左移位和丢弃位

Question

让我们考虑将无符号短值（或任何其他无符号整数类型）的右 N 位清零的函数（它的可能实现之一）。可能的实现如下所示：

template<unsigned int shift>
unsigned short zero_right(unsigned short arg) {
  using type = unsigned short;

  constexpr type mask = ~(type(0));
  constexpr type right_zeros = mask << shift; // <-- error here
  return arg & right_zeros;
}

int check() {
  return zero_right<4>(16);
}

对于这段代码，我有权访问的所有编译器都会以某种方式抱怨可能的溢出。 CLang 是最明确的，具有以下明确信息：

error: implicit conversion from 'int' to 'const type' (aka 'const unsigned short') changes value from 1048560 to 65520 [-Werror,-Wconstant-conversion]

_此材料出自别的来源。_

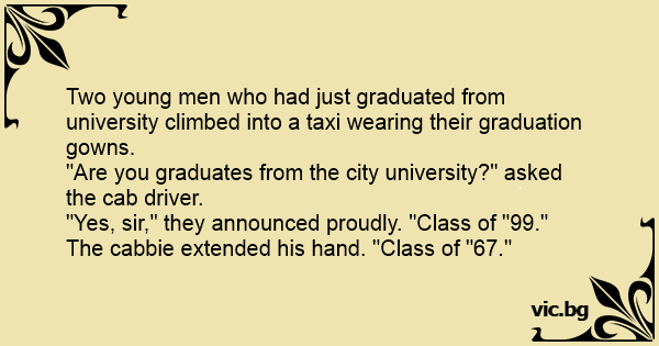 Two young men who had just graduated from university climbed into a taxi wearing their graduation gowns.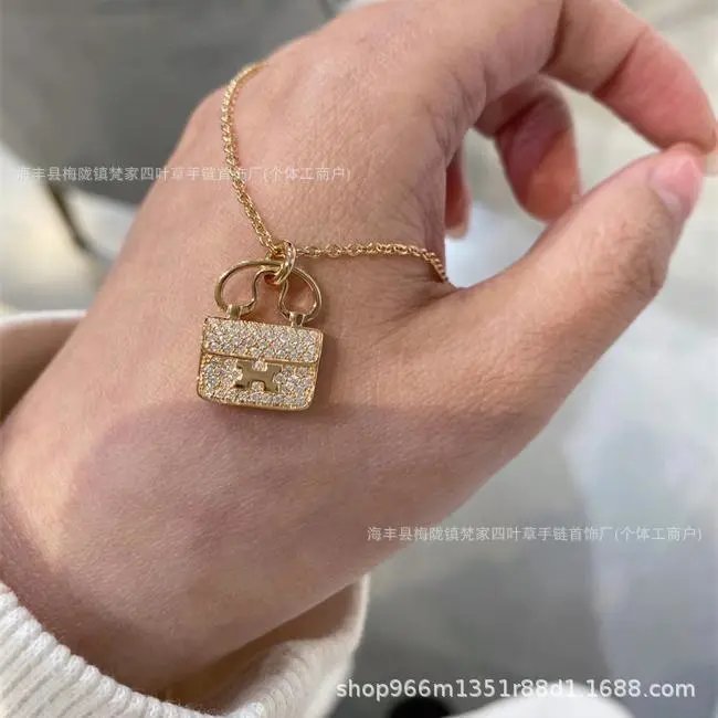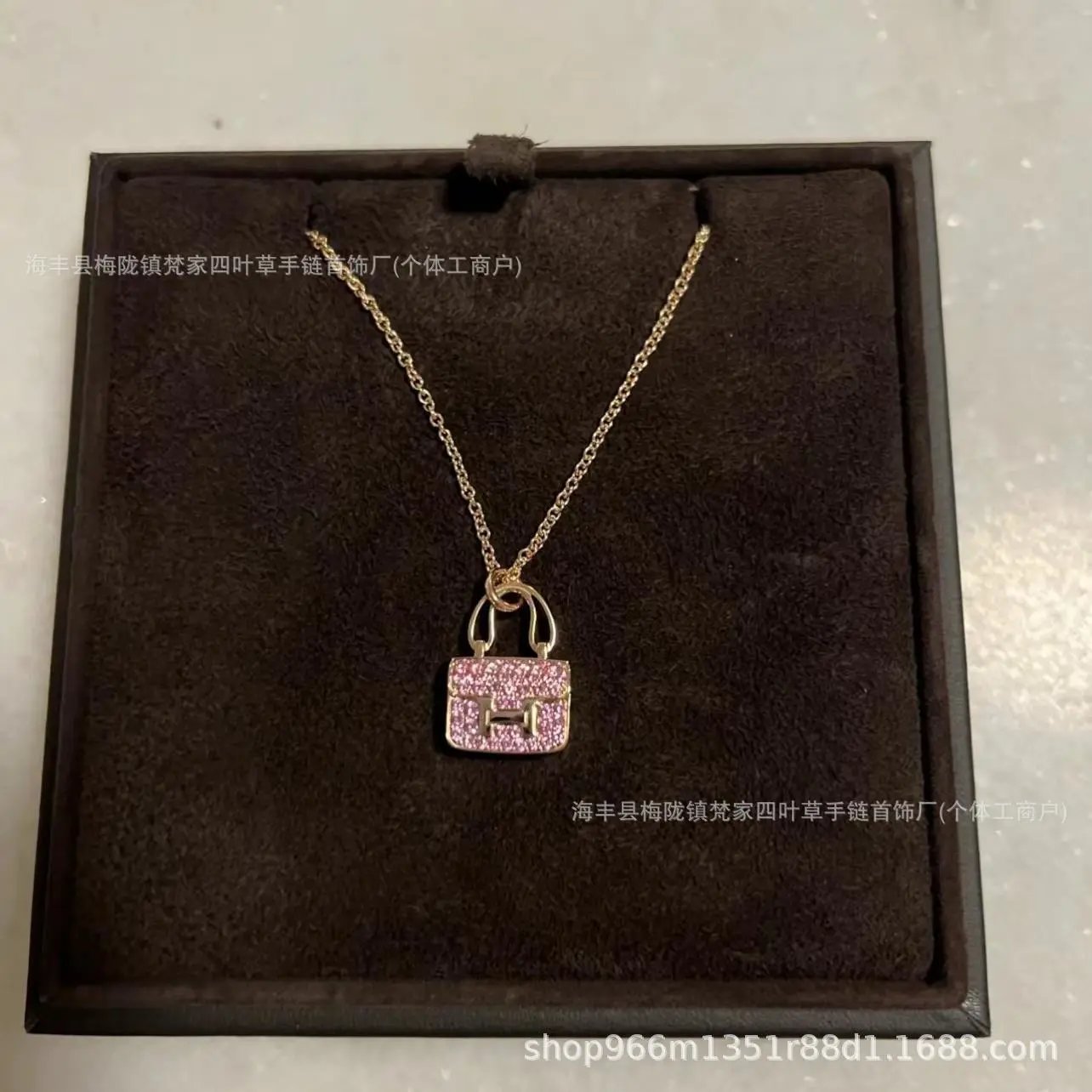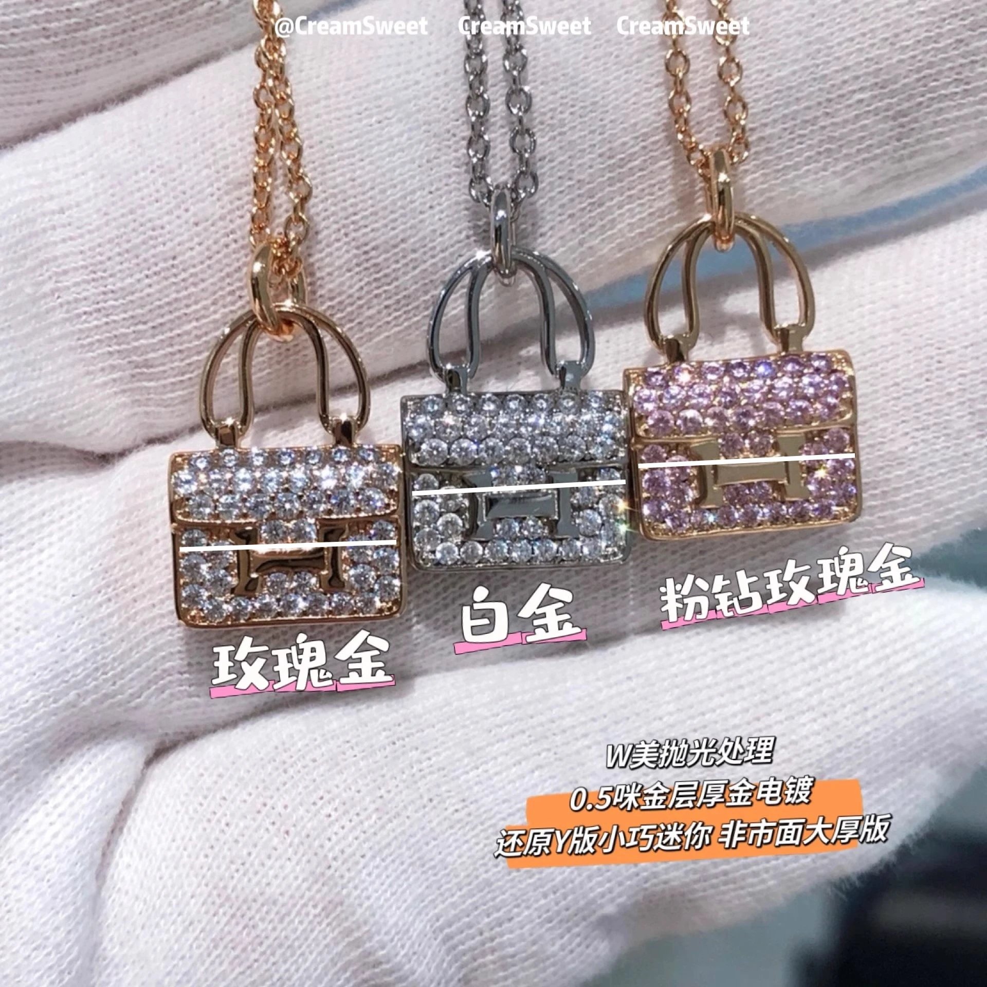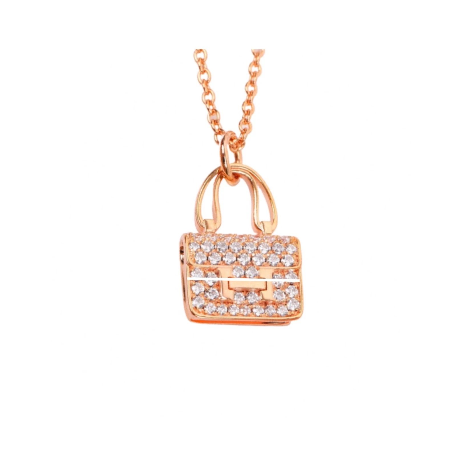 爱家H康康包项链女镀18K玫瑰金吊坠锁骨链轻奢手提包锁骨链
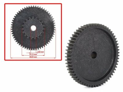 Technische Daten genau unter die Lupe genommen: Außendurchmesser 1: 21,2 mm mit 19 Zähnen, Außendurchmesser 2: 44,6 mm mit 61 Zähnen, und der Innendurchmesser beträgt 4,5 mm.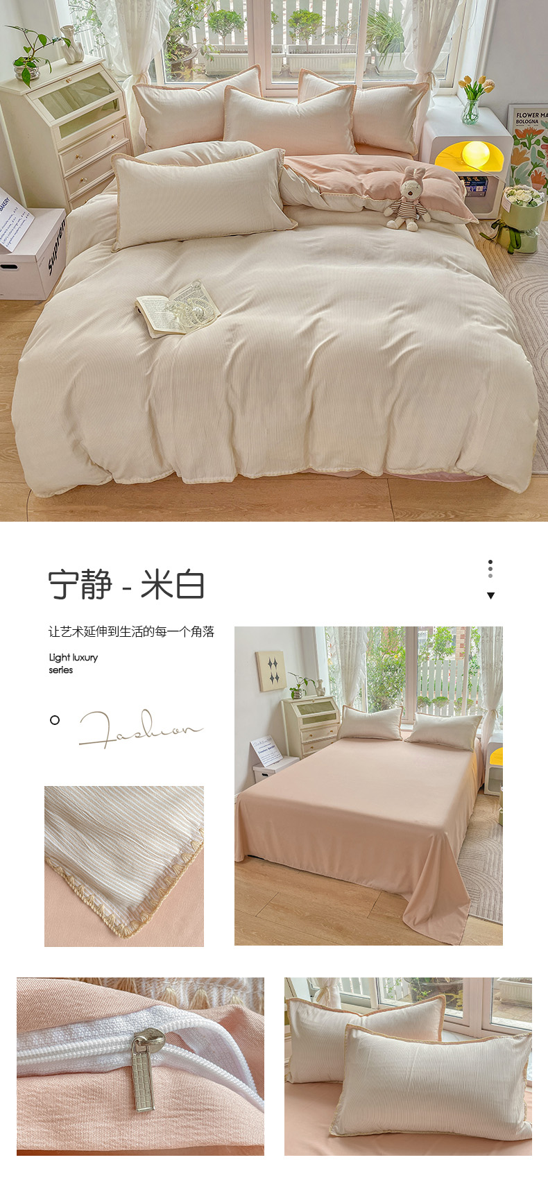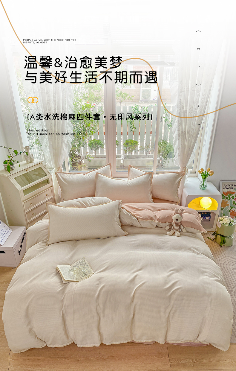 当前位置: 91家纺网 > 商品网购 > 床品套件 > 四件套 > 水洗棉四件套 > 无印风贝壳绣双层纱棉麻水洗四件套直播爆款 宁静-米白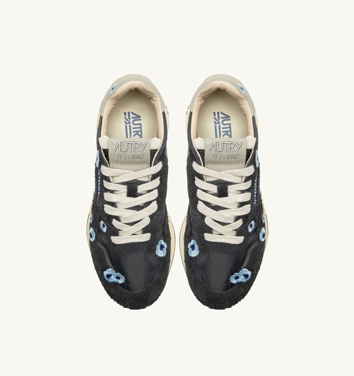 Innovative, light and extremely flexible, Reelwind Autry sneakers draw inspiration from the running world. The men’s style is crafted from a mix of blue nylon and suede, with side panels in gray suede and enriched by original embroidery flowers and a removable logo charm.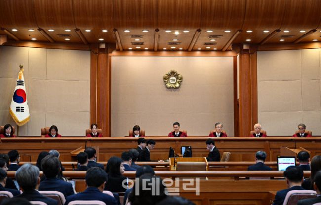 [사진공동취재단] 문형배 헌법재판소장 직무대행이 4일 오전 서울 종로구 헌법재판소 대심판정에서 윤석열 대통령 탄핵심판 선고를 하고 있다.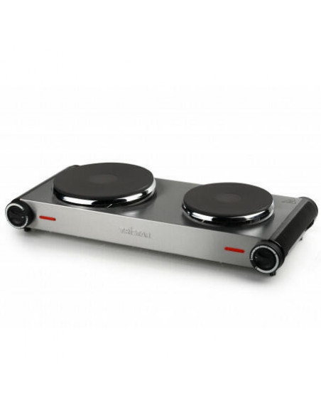 Tristar KP-6248 Placa doble de cocción. Color del producto: Acero inoxidable, Tipo de instalación: Encimera, Tipo de quemador: Hornillo eléctrico / Placa eléctrica. Tipo de control: Giratorio, Control de posición: Frente, Indicadores LED: Poder. Peso: 3,85 kg, Ancho del paquete: 264 mm, Profundidad del paquete: 565 mm

这段代码在我看来定义明确，清晰明了，但是当 3 个编译器抱怨时，我变得非常紧张。我在这里错过了什么吗？真的有可能发生可疑的事情吗？

P.S。虽然 zeriong out left X bits 的替代实现可能会受到欢迎并且很有趣，但这个问题的主要焦点是发布的代码的有效性。

Answer 1

来自 C++11 标准：

5.8 Shift operators [expr.shift]

1 ...

The operands shall be of integral or unscoped enumeration type and integral promotions are performed. The type of the result is that of the promoted left operand.

表达式

mask << shift;

在 对 mask 应用积分提升后 进行评估。因此，如果 sizeof(unsigned short) 为 2，它的计算结果为 1048560，这解释了来自 clang 的消息。

避免溢出问题的一种方法是在执行左移之前先右移，然后将其移动到它自己的函数中。

template <typename T, unsigned int shift>
constexpr T right_zero_bits()
{
   // ~(T(0)) performs integral promotion, if needed
   // T(~(T(0))) truncates the number to T, if needed.
   return (T(~(T(0))) >> shift ) << shift;
}

template<unsigned int shift>
unsigned short zero_right(unsigned short arg) {
   return arg & right_zero_bits<unsigned short, shift>();
}

Answer 2

我不知道这是否正是你想要的，但它编译：

template<unsigned int shift>
unsigned short zero_right(unsigned short arg) {
  using type = unsigned short;

  //constexpr type mask = ~(type(0));
  type right_zeros = ~(type(0));
  right_zeros <<= shift;
  return arg & right_zeros;
}

int check() {
  return zero_right<4>(16);
}

更新：

Seems like you simply hushed the compiler by making sure it has no idea what is going on with the types.

没有

首先你得到 right_zeros，值为 FFFF（来自 ~0）。通常，~0 是 FFFFFFFFFFFFFF... 但因为您使用的是 u16，所以您会得到 FFFF.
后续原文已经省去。